WHAT YOU WILL DO ▸ Repeat exactly the lines running from the first line of the data to the line containing "exclaimed my left-hand", both ends included, and nothing else; drop the pictures.
* * * * * * * * *
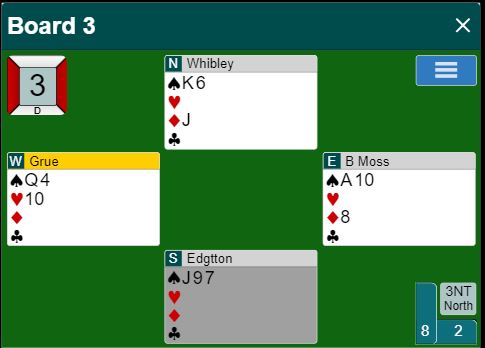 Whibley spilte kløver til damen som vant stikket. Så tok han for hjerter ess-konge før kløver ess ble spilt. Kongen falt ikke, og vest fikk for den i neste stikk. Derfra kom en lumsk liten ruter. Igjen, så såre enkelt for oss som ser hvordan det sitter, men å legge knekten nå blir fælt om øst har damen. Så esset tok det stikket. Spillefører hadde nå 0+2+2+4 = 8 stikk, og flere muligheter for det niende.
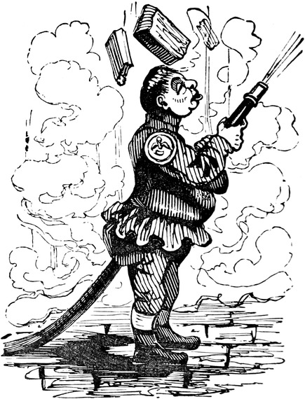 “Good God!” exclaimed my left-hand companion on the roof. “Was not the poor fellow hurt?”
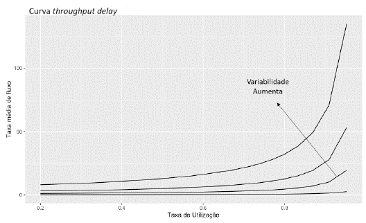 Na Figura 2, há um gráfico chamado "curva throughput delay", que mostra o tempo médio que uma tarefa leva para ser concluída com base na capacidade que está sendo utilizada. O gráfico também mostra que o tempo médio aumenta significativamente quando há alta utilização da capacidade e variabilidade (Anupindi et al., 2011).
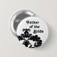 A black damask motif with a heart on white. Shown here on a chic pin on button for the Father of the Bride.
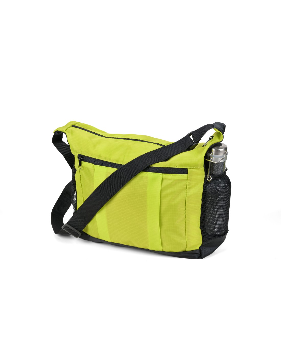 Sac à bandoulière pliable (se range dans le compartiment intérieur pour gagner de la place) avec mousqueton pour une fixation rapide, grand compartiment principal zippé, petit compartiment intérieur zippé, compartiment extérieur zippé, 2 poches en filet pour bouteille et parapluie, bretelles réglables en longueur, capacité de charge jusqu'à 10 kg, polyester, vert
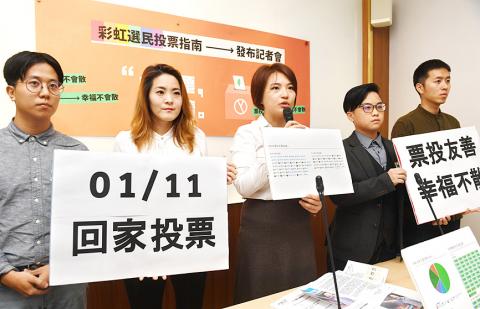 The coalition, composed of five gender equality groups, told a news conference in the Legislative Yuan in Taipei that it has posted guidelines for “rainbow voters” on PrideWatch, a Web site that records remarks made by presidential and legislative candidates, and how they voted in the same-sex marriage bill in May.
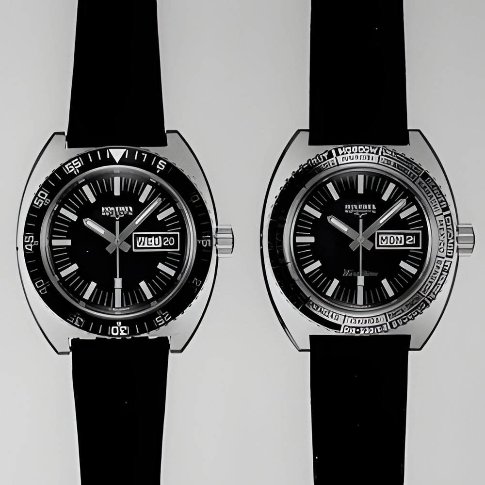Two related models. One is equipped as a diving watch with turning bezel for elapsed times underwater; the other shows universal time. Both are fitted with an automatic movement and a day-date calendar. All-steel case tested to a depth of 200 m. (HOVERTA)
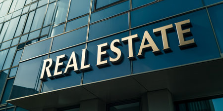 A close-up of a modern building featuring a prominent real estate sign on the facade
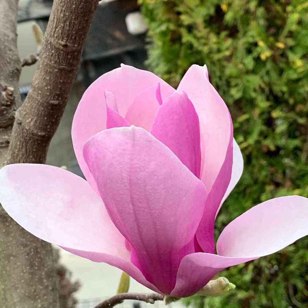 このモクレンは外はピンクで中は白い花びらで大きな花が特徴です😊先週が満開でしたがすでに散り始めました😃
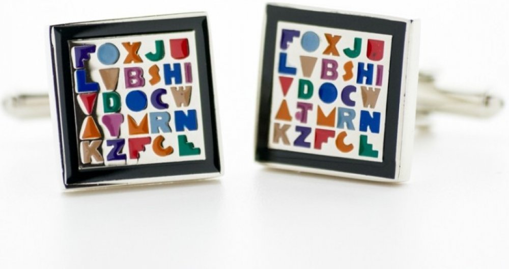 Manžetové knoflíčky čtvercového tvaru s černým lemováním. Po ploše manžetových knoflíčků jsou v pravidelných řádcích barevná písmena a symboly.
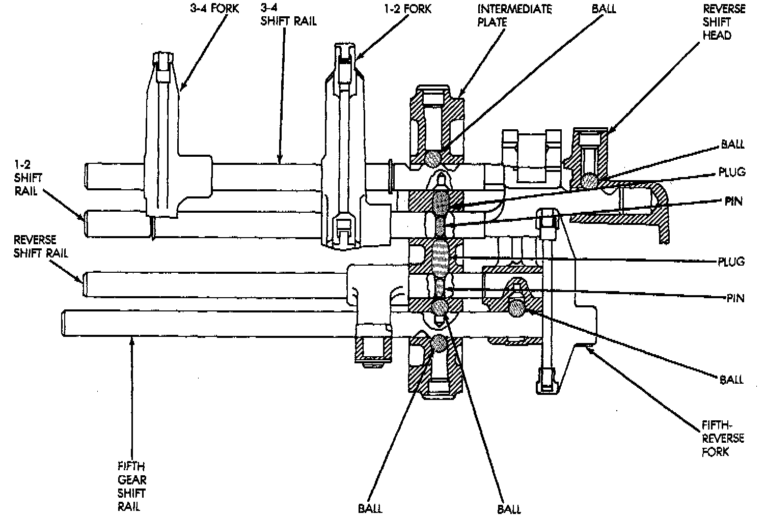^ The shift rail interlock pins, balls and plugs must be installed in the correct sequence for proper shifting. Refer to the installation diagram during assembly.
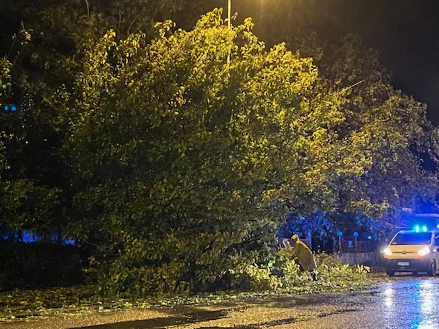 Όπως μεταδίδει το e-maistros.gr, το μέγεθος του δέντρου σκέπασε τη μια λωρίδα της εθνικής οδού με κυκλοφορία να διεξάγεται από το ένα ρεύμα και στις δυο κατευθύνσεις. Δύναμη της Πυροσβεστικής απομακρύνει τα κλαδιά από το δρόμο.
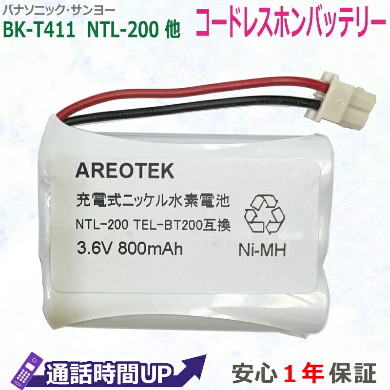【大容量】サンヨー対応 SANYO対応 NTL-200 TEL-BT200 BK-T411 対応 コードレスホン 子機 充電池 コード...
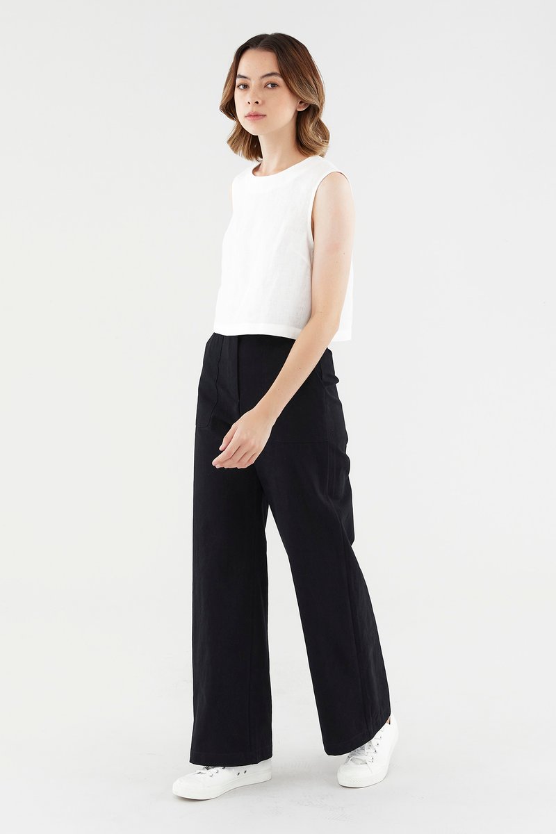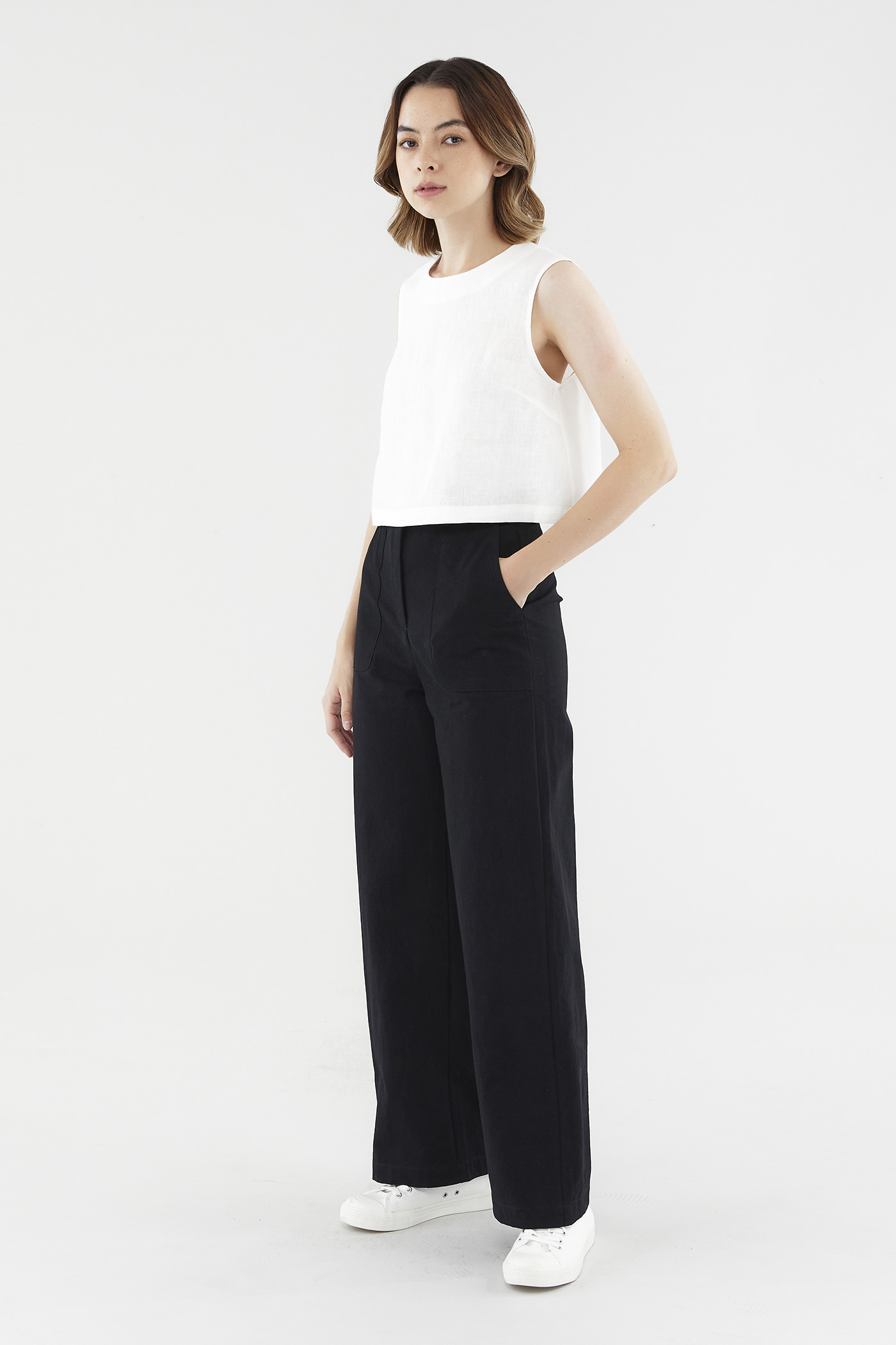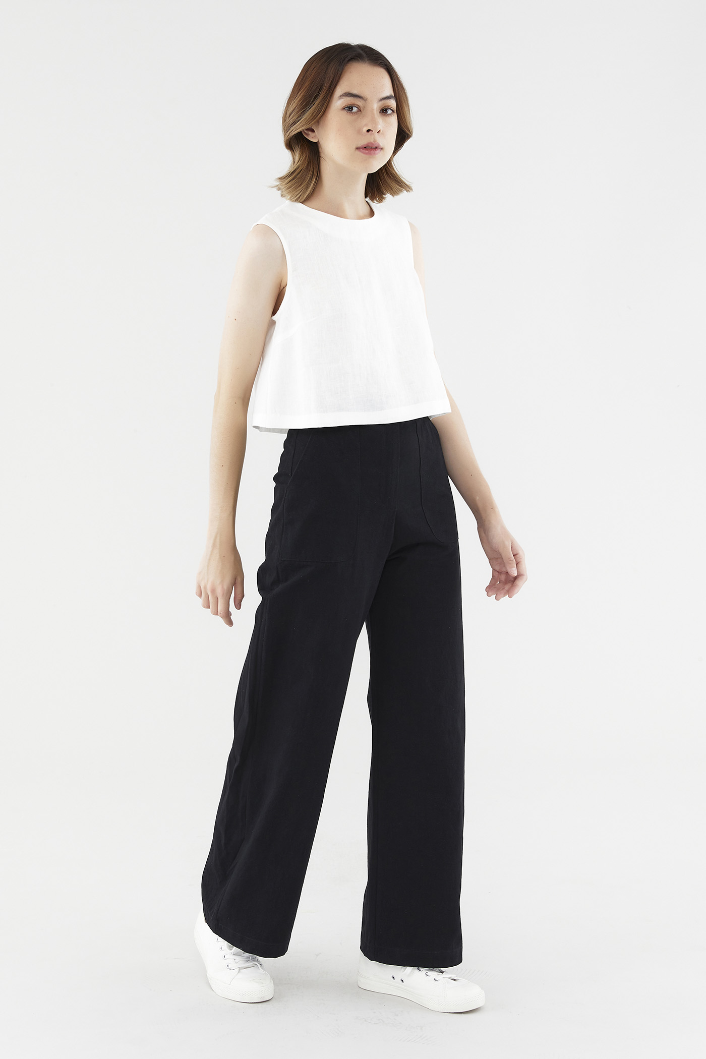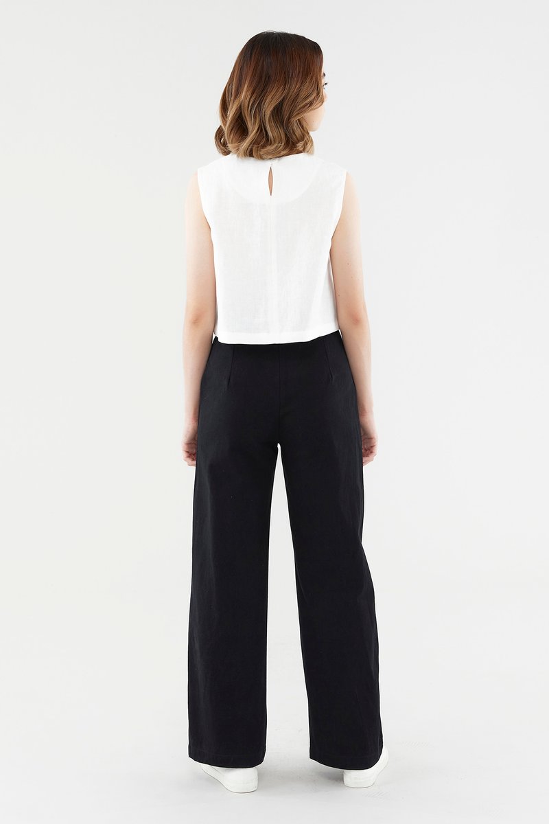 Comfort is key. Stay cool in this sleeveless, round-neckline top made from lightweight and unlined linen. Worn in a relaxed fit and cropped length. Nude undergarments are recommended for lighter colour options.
* * * * * * * * *
PROBLEM SOLUTION ▸
 Whibley spilte kløver til damen som vant stikket. Så tok han for hjerter ess-konge før kløver ess ble spilt. Kongen falt ikke, og vest fikk for den i neste stikk. Derfra kom en lumsk liten ruter. Igjen, så såre enkelt for oss som ser hvordan det sitter, men å legge knekten nå blir fælt om øst har damen. Så esset tok det stikket. Spillefører hadde nå 0+2+2+4 = 8 stikk, og flere muligheter for det niende.
 “Good God!” exclaimed my left-hand companion on the roof. “Was not the poor fellow hurt?”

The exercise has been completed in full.